Further revisions to the rationale for an exemption were made, and eventually the government struck on what it thought was a winning formula.

By counting individual stimulus projects that were administered through institutions that did not have to comply to the Common Look and Feel policy - including such loosely defined "initiatives" as "moving forward with Public Private Partnerships" - the government was able to claim that "32.1 per cent of all initiatives" were not under the policy and therefore the EAP site needn't apply, either.

The Liberals say the Conservatives are clearly flouting the rules.

"He's Stephen do-as-I-say Harper, break-all-the-rules Harper," said Liberal critic Siobhan Coady.

Alluding to Mr. Harper's summertime Arctic quip about making rules, Ms. Coady said "the rules don't apply to him or his government."

Virtually all the email reaction to the PCO changes from civil servants overseeing the policy is blacked out. But one email from Chuck Henry, the chief technology officer of Canada, opens with a single word - "Sigh," - before the redaction begins.

By July 7, 2009, a final exemption application had been hammered out and sent to Mr. Singh by PCO.

Coincidentally, that same week another branch of PCO complained to Mr. Singh about a particular non-compliant Health Canada website: "Why did depts work day and night to meet the (Dec. 31, 2008) deadline if there were loopholes to compliance?" asked PCO's Ian McKenna.

"There are no loopholes," Mr. Singh responded.

A senior Treasury Board manager responded to the PCO exemption request in a blacked-out email on July 14, 2009. At that point, the paper trail went cold for 10 weeks.

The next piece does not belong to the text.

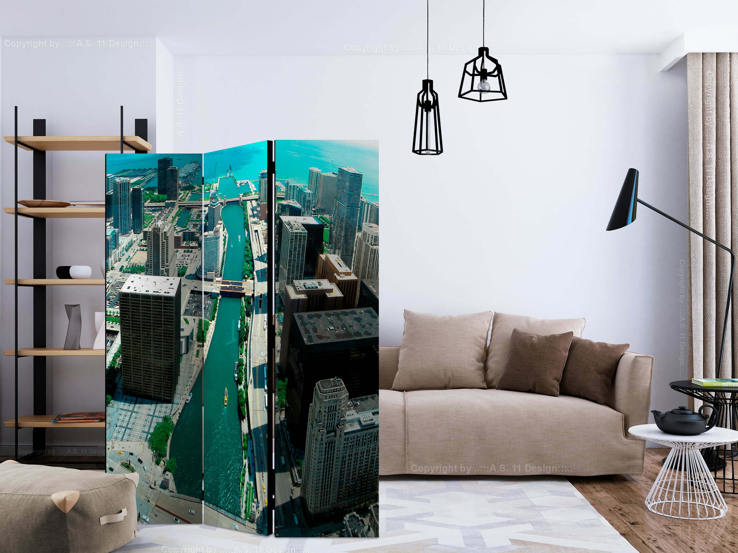 3-teiliges Paravent – Urban architecture of Chicago [Room Dividers]
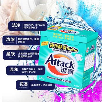 花王(KAO)洁霸洗衣粉深层清洁2.5kg( 酵素洁净 机洗手洗适用)

On Sept. 23, 2009, - after a week of media reports on the partisan appearance of the EAP website - Finance Minister Jim Flaherty formally wrote Mr. Toews requesting an exemption from the Common Look and Feel standards. The EAP site was nominally under Mr. Flaherty's control at the Finance Department, although it was handled almost exclusively by the PCO.

The documents show Mr. Flaherty's request for an exemption was an urgent priority. Williams Stairs - Mr. Harper's political director of issues management at the time - and other top PMO officials were copied on the exchange.

The heavily redacted documents suggest there was still much to discuss, notwithstanding the weeks of negotiation and draft exemption proposals between PCO and Treasury Board.

"It should be noted there are other compliance issues related to other Treasury Board policy areas, which do not form part of this exemption request," says one internal email that survived the blackout.

The repeated use of the "Harper government" on the site appears to have been an issue.

"The Federal Identity Program policy requires the clear identification of government programs, services, assets and activities using the official symbol of the Government of Canada," said the Treasury Board email. "The policy also requires Treasury Board approval for the use of any special symbol or logo such as the EAP logo.

"Some of the risks demonstrated in not conforming to this policy have been demonstrated in the uncertainty portrayed in the media over the authorship and ownership of the EAP website and other communications and advertising activities."

A briefing note to Mr. Toews on Mr. Flaherty's exemption request runs four full pages, all entirely redacted.

But a very pithy summary survived in one of Mr. Singh's emails: "The briefing note provides two options and corresponding letters: Grant the exemption; Not grant the exemption. The latter is recommended."

An unsigned, undated letter to Mr. Flaherty, over Mr. Toews' name, states that the exemption request is "denied."

The draft letter states that the PCO rationale provided for the exemption could be applied to "a number of other (government) websites" which would lead others to make applications using the same arguments.

"The result could be a weakening of one of the (policy) objectives of ensuring trust and confidence in (government) websites through the consistent applications of appearance and navigation."